The same code as above, except follow_links is enabled:

use walkdir::WalkDir;

for entry in WalkDir::new("foo").follow_links(true) {
    let entry = entry.unwrap();
    println!("{}", entry.path().display());
}

Example: skip hidden files and directories efficiently on unix

This uses the filter_entry iterator adapter to avoid yielding hidden files and directories efficiently:

use walkdir::{DirEntry, WalkDir, WalkDirIterator};

fn is_hidden(entry: &DirEntry) -> bool {
    entry.file_name()
         .to_str()
         .map(|s| s.starts_with("."))
         .unwrap_or(false)
}

let walker = WalkDir::new("foo").into_iter();
for entry in walker.filter_entry(|e| !is_hidden(e)) {
    let entry = entry.unwrap();
    println!("{}", entry.path().display());
}

Motivation

std::fs has an unstable walk_dir implementation that needed some design work. I started off on that task, but it quickly became apparent that walking a directory recursively is quite complex and may not be a good fit for std right away.

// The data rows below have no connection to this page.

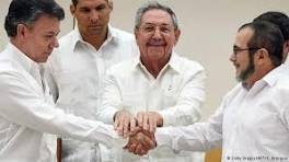 "Para hacer la paz se necesita voluntad" Juan Manuel Santos, presidente de Colombia, Rodrigo Londoño, líder de las FARC y Rául Castro, presidente de Cuba en La Habana. DW: En el día ...
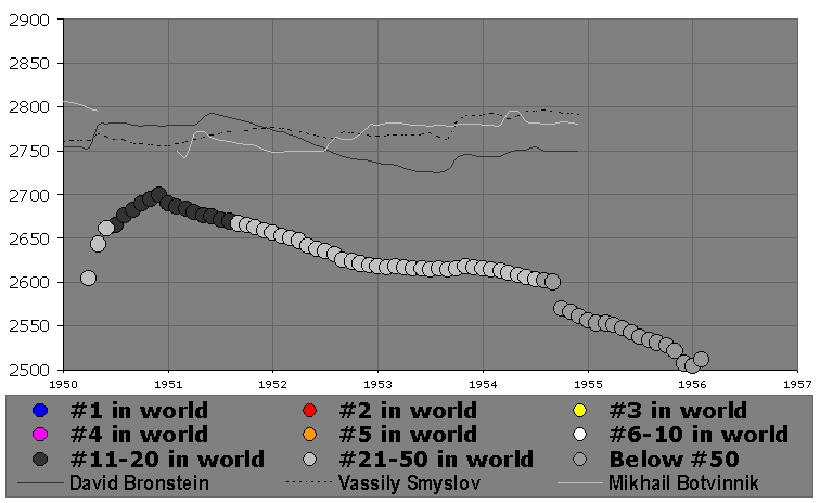 | Best Individual Performance: | 2729 in Moscow (URS Championship), 1950, scoring 10/15 (67%) vs 2635-rated opposition |
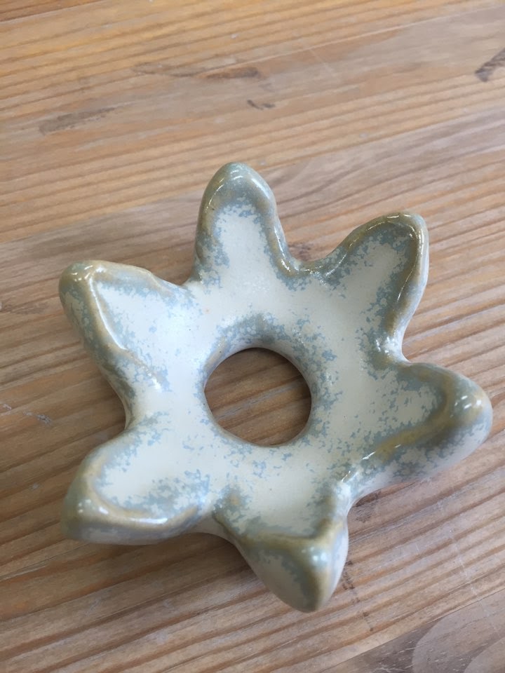 Somehow a crack line formed along the base of the neck after the first bisque. Fortunately however, the ceramics shop owner was able to apply the glaze in such a way that the crack is virtually unnoticeable. The name of the glaze is "Sky Barley."
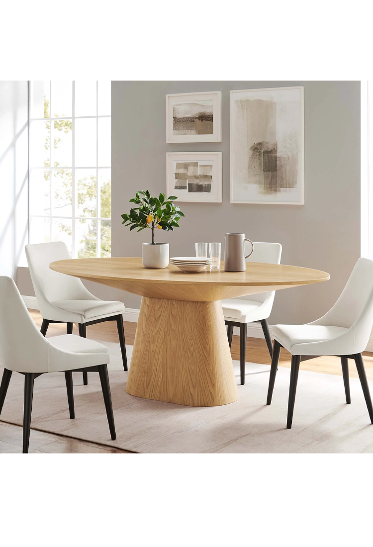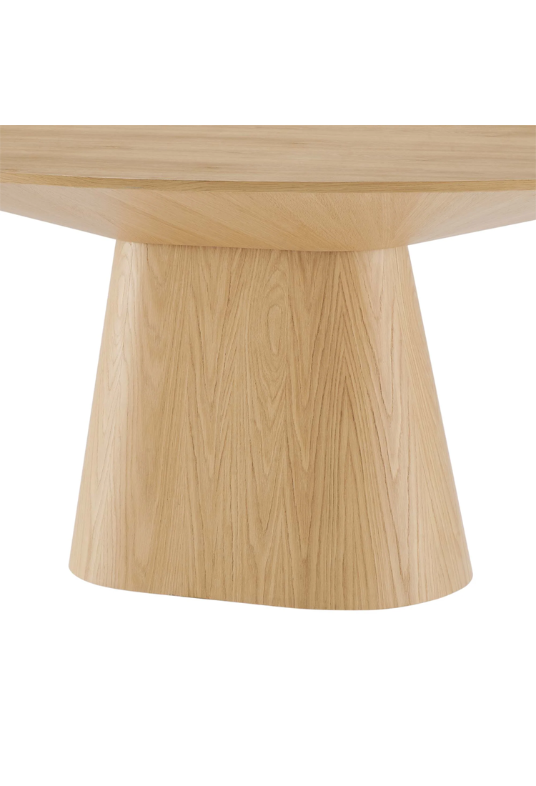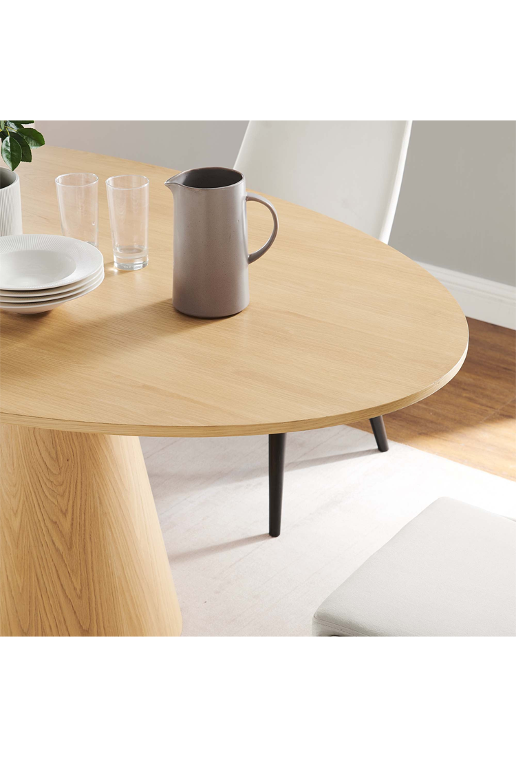 Réunissez-vous entre amis et en famille autour de la table à manger Quillon de 47 pieds pour savourer un bon repas et discuter. Avec sa construction robuste en MDF et son magnifique placage bois, cette table ronde moderne et épurée peut accueillir confortablement quatre personnes et dispose d'un piétement conique. Un tapis en feutre non marquant est inclus pour protéger le sol. Assemblage requis.
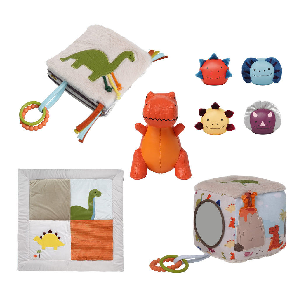 ¡Les Amigos Dinos son adorables compañeros de juego con una variedad de materias, texturas y colores! Explora el mundo de los Dinos con Hector el Braquiosaurio, Penelope la Triceratops, Dimitri el Dimetrodón y sus amigos de las tierras volcánicas.
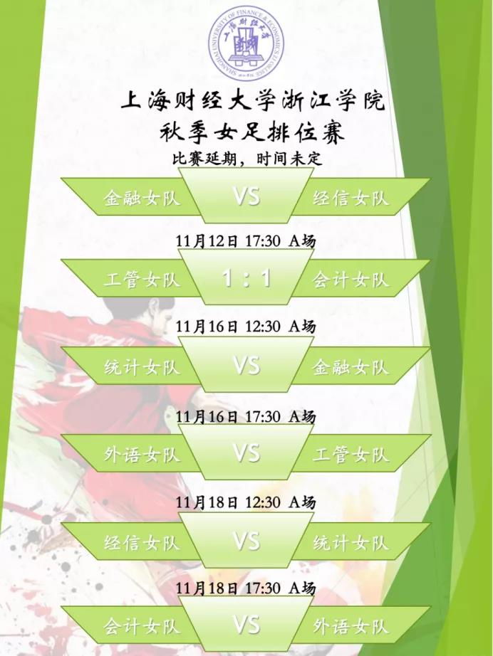 10月18日,小组赛首轮正式开战,对阵双方分别是会计二队和经信三队,双方为大家献上了一场精彩的对攻大战,也为秋季联赛拉开了大幕。26天的时间里,二百多位参赛球员为大家送上了43场精彩的比赛。最终有八支队伍顺利拿到淘汰赛的门票。值得一提的是,本届秋季联赛是财浙自建校以来规模最大的一场足球赛事,联赛首次引入了女足联赛,迎来了六支来自不同系别的女足队伍。同时,本次联赛也采取了校队成员出任教练的形式带队比赛。财浙校园足球正在朝着“人人有项目,班班有队伍,月月有比赛”的目标稳步向前!
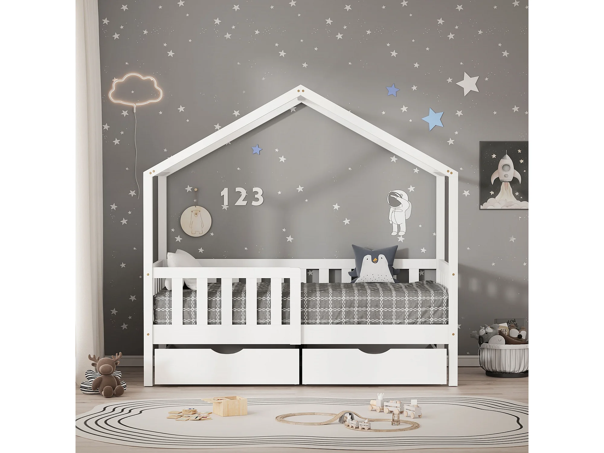 Lit cabane enfant 70x140cm blanc en bois avec 2 tiroirs protection antichute toit et sommier à lattes couchage au bas style maison pour fille garçon
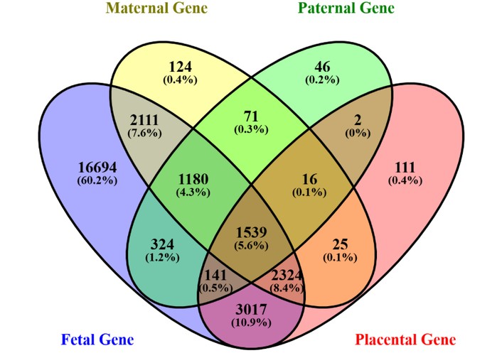 Venn diagram representing the distribution and overlap of reported maternal, paternal, placental, and fetal genes extracted from the GeneCards database.
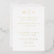 Minimalist, modern wedding invitation featuring your monogram initials and wedding details displayed in gold foil lettering with calligraphy script accents. The white background can be changed to a colour of your choice. Designed to coordinate with our Modern Elegance wedding collection.
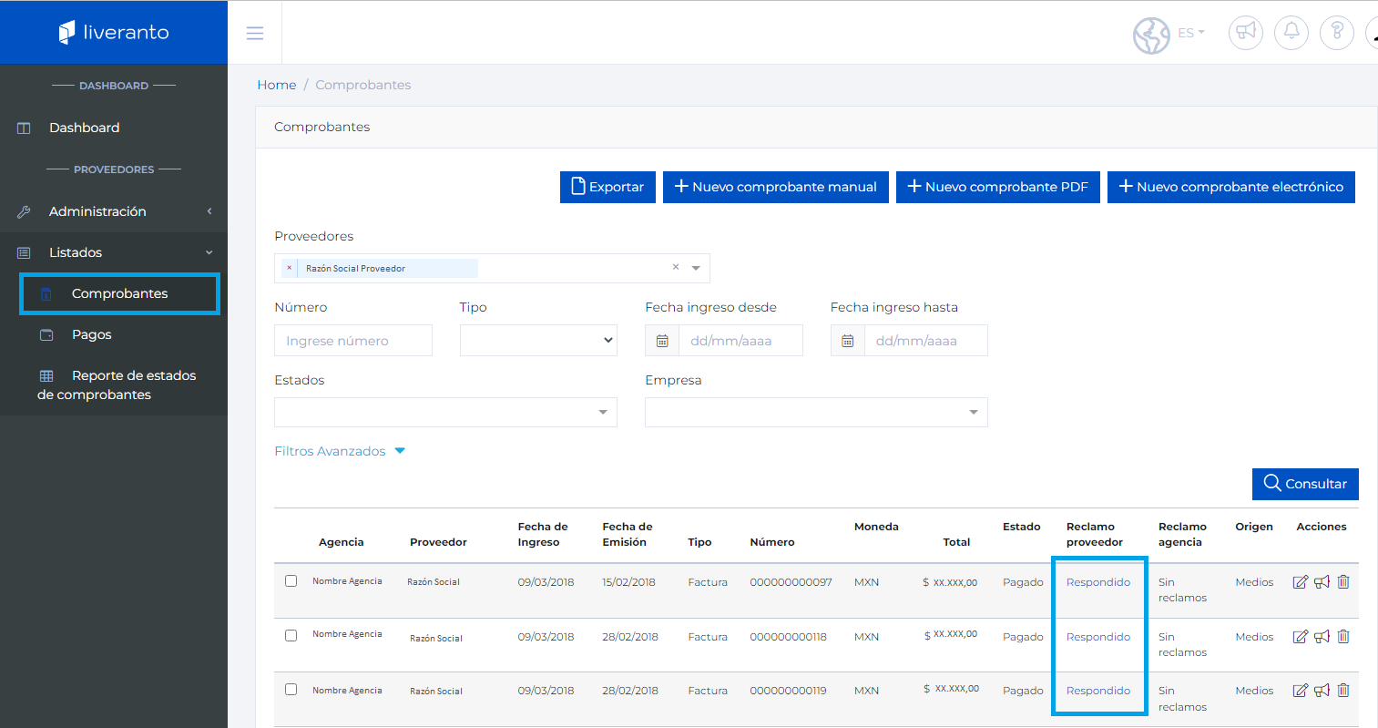 Se expone los comprobantes que fueron reclamados y que recibieron respuesta, se indica en una columna dicho estado. Al presiona sobre la respuesta en la factura se accede al detalle y comentario de la misma.
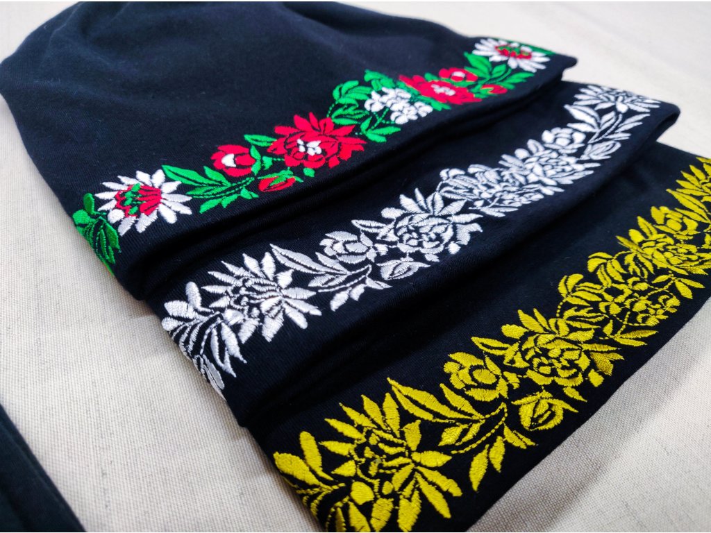 Čiapka s vyšívaným motívom pás - výber farieb výšivky a látky

This should at least resolve most or all of the issues reported here (and then some):

Performance

The short story is that performance is comparable with find and glibc's nftw on both a warm and cold file cache. In fact, I cannot observe any performance difference after running find /, walkdir / and nftw / on my local file system (SSD, ~3 million entries). More precisely, I am reasonably confident that this crate makes as few system calls and close to as few allocations as possible.

I haven't recorded any benchmarks, but here are some things you can try with a local checkout of walkdir:

# The directory you want to recursively walk:
DIR=$HOME

# If you want to observe perf on a cold file cache, run this before *each*
# command:
sudo sh -c 'echo 3 > /proc/sys/vm/drop_caches'

# To warm the caches
find $DIR

# Test speed of `find` on warm cache:
time find $DIR

# Compile and test speed of `walkdir` crate:
cargo build --release --example walkdir
time ./target/release/examples/walkdir $DIR

# Compile and test speed of glibc's `nftw`:
gcc -O3 -o nftw ./compare/nftw.c
time ./nftw $DIR

# For shits and giggles, test speed of Python's (2 or 3) os.walk:
time python ./compare/walk.py $DIR

On my system, the performance of walkdir, find and nftw is comparable.